Let equality prevail in libraries, at least

Published: Nov 12, 2014, 07:28 IST | Ranjona Banerji |

The vice-chancellor of the Aligarh Muslim University cannot open the Maulana Azad library to female students because, “there would be four times more boys” in the library if that happened

The vice-chancellor of the Aligarh Muslim University cannot open the Maulana Azad library to female students because, “there would be four times more boys” in the library if that happened. The library is already “jam-packed” with boys, we are told by the principal of the Women’s College. There might be disciplinary problems if females are allowed into a library which men use, we are told. And women have kindly been given their own space and enough books for their femaleness, we have also been told. And post-graduate students of all sexes have timings when they can go says the University’s public relations department.

No entry: The vice-chancellor of Aligarh Muslim University, Zameer Uddin Shah, stirred up a controversy with his comments that the Maulana Azad library cannot be opened to female students because, “there would be four times more boys” in the library if that happened. Pic/Getty Images

pic/Getty Images

The purpose of a library however is not of much significance here either for the VC of the University or for the principal of Women’s College. The fact is that the library has “boys” in it and girls want to get in and what could be more frightening than that?

The question some people might ask is, does the library have anything other than boys and girls who want to get in?

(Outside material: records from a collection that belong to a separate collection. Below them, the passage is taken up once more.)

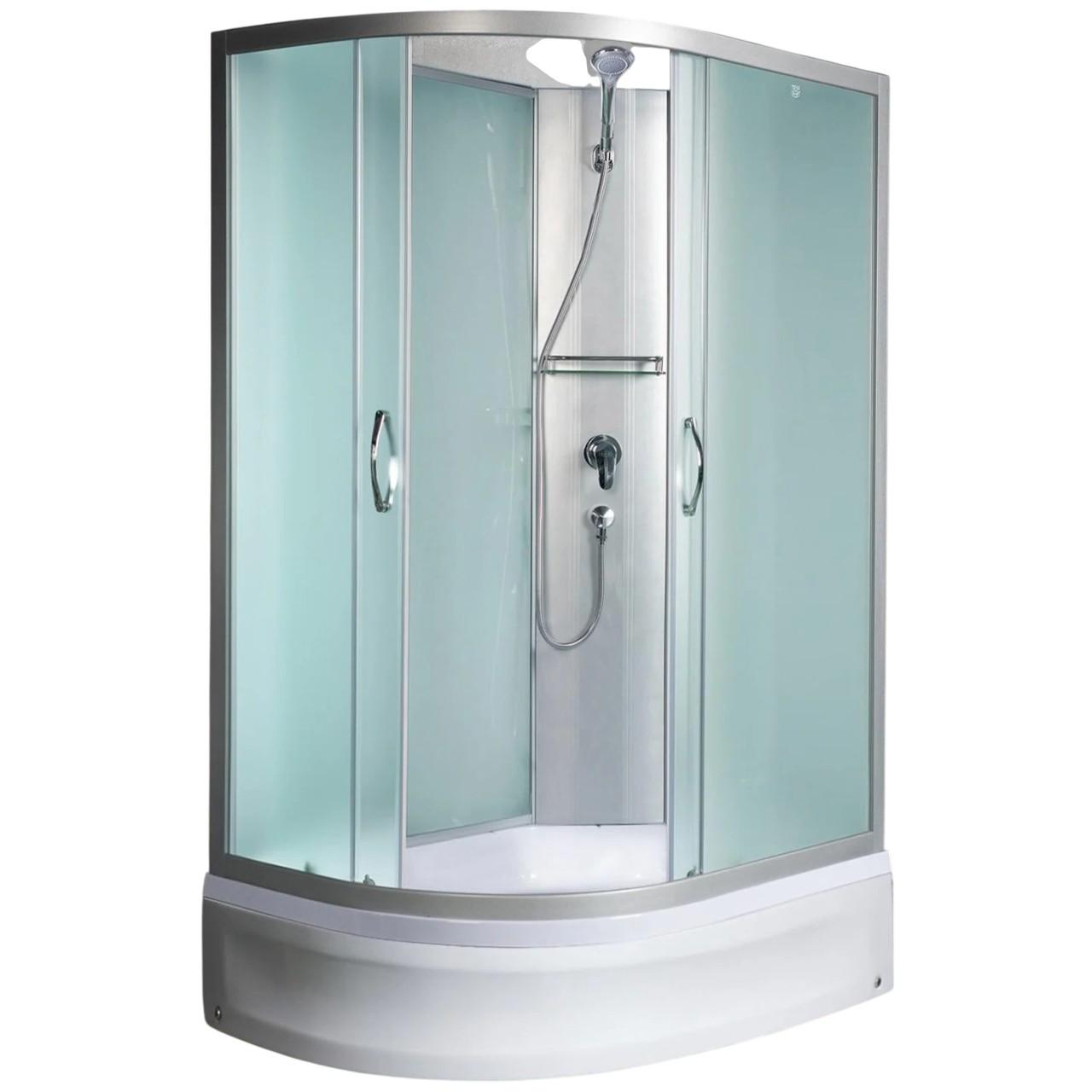 Полукруглая душевая кабина пристенного монтажа. Закаленное безопасное стекло толщиной 4 мм. Матовые передние стекла. Белые задние стеклянные стенки. Средний акриловый поддон со съемным экраном и антискользящим покрытием дня. Алюминиевый профиль хром матовый. Комплектация: ручной душ, держатель для лейки, смеситель из латуни с керамическим картриджем, полочка, сифон с гидрозатвором.
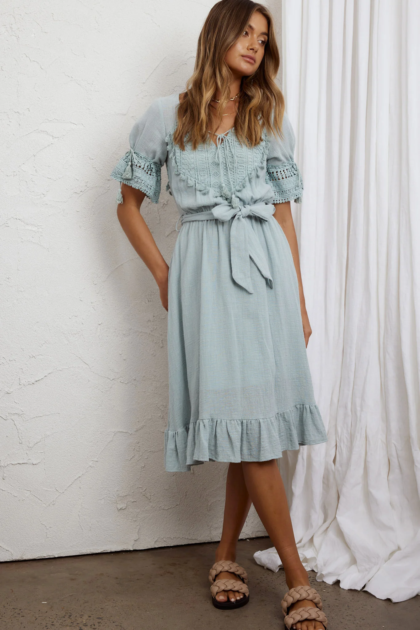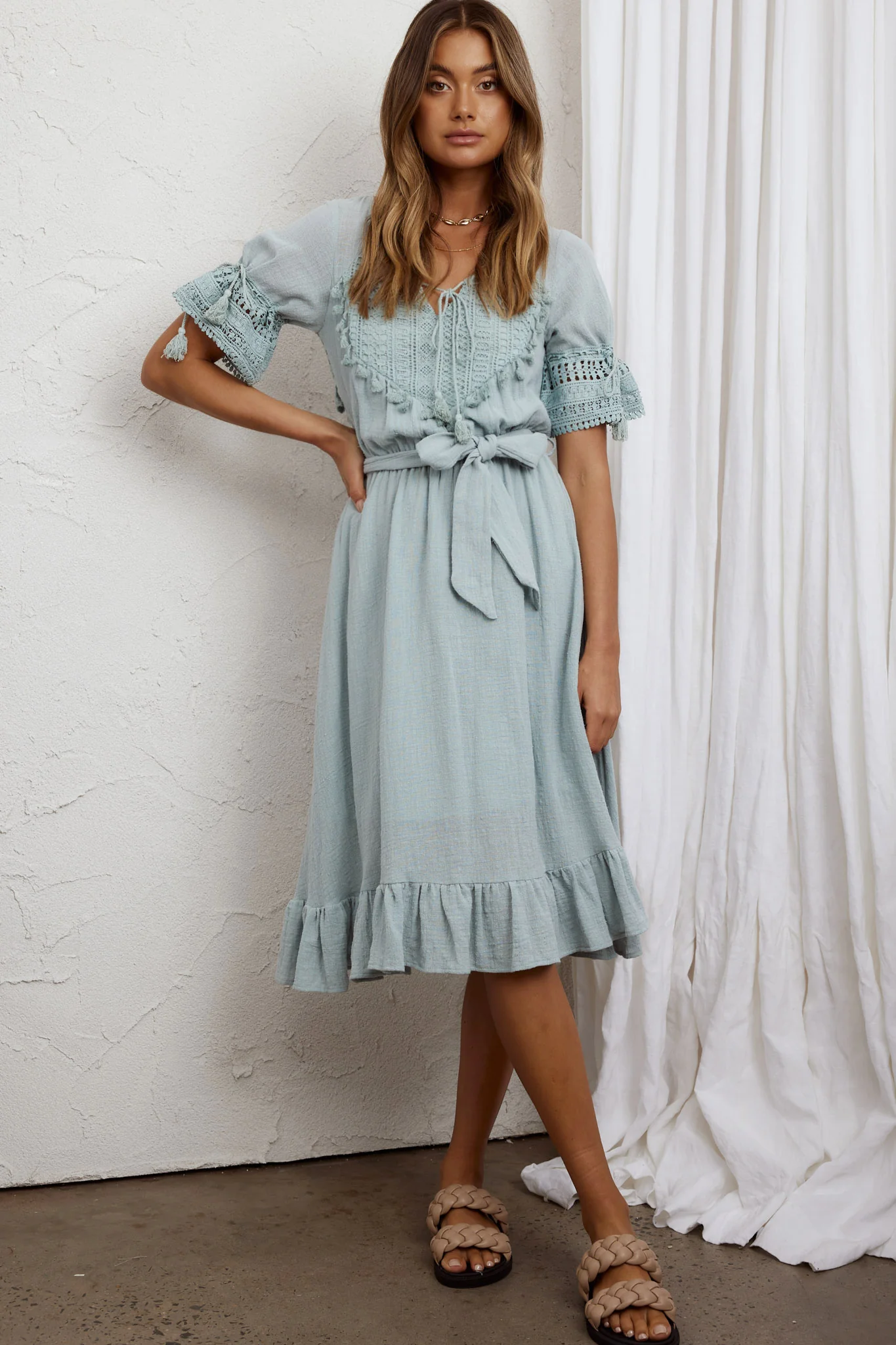 Jada Short Sleeve Crochet Tassel Midi Dress Sage
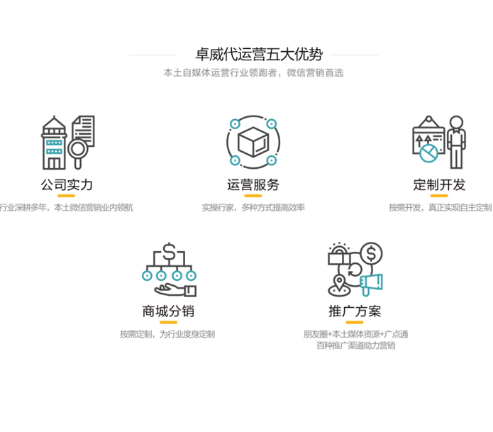 珠海卓威信息咨询有限公司总部位于特区——珠海,服务辐射粤港澳大湾区各大城市,凭借完善的业务体系 和专业化的服务水平,为政企部门、中小企业提供开发、运营、推广一体化解决方案,帮助企业开展移动电商及移动分销等多个层面的业务,实现微信的高效精准营销;为政务部门单位打造具有实时性、具有吸引力、公平公开的官方自媒体宣传渠道,抢占政务宣传高地,协助政务部门更好地服务当地群众。

Like books, for instance? Turns out that these girls are not satisfied with the books they have access to. They want those books that the boys read, jam-packed in this particular library, looking to create disciplinary problems.

This only proves how ridiculous and unreasonable girls can be. They have a college. They have books. Why can’t they be satisfied with that? Instead for some years now, female students have been demanding more.

This has been the problem with all these liberation movements so far. You give women an inch and they want a mile.

You give them a college and they want a bigger and better library. There’s just no satisfying them. You can substitute women with any other group that feels it hasn’t got its due and the result is the same: Black, Dalit, gay and so on — You give them a chance to ride on a bus they want a seat next to you. Never grateful.

There are some nuances at work here and it is the nuances that create discrimination. Apparently, the library will send over books that Women’s College students want to read. They can also visit the Maulana Azad Library at some specified timings. But the female students want to go to the library, browse and be members. They want not just to be allowed on the bus, they want to sit wherever they want. Like the men or the white people or the upper castes or the heterosexuals. They want to be treated like equals. They do not want a few sops here and there.

Barring places where there is extreme gender selection at birth, women make up half the human population. Oh dear, are you tired of reading this? Too bad. Half. That’s as many as the men people. Half. And yet, despite all the things men and women can do together it is sitting in a library for long periods of time at the same time that can
create disciplinary problems. That is why it is easier to envelope women in yards of fabric, hide their faces, stop them from wearing jeans, stop them from using mobile phones and stop them from leaving home.

Who knows what the boys think and whether they will be undisciplined or not. These gems have come from adult men and women who sound like academic administrators who would rather duck the real issue — how to allow all students to be equal members of a library — and so provide some roadside diversionary entertainment.

However it is fair to concede that the male students of the Aligarh Muslim University are very diligent. All too often no one goes to a library and many young people I have met have never even heard of one, let alone a book. The college that I went to in Calcutta had a large and historically well-stocked library. Boys and girls had the same privileges and yet, well, it was, er, peaceful.

Maybe if they let everyone in, this library might become as peaceful?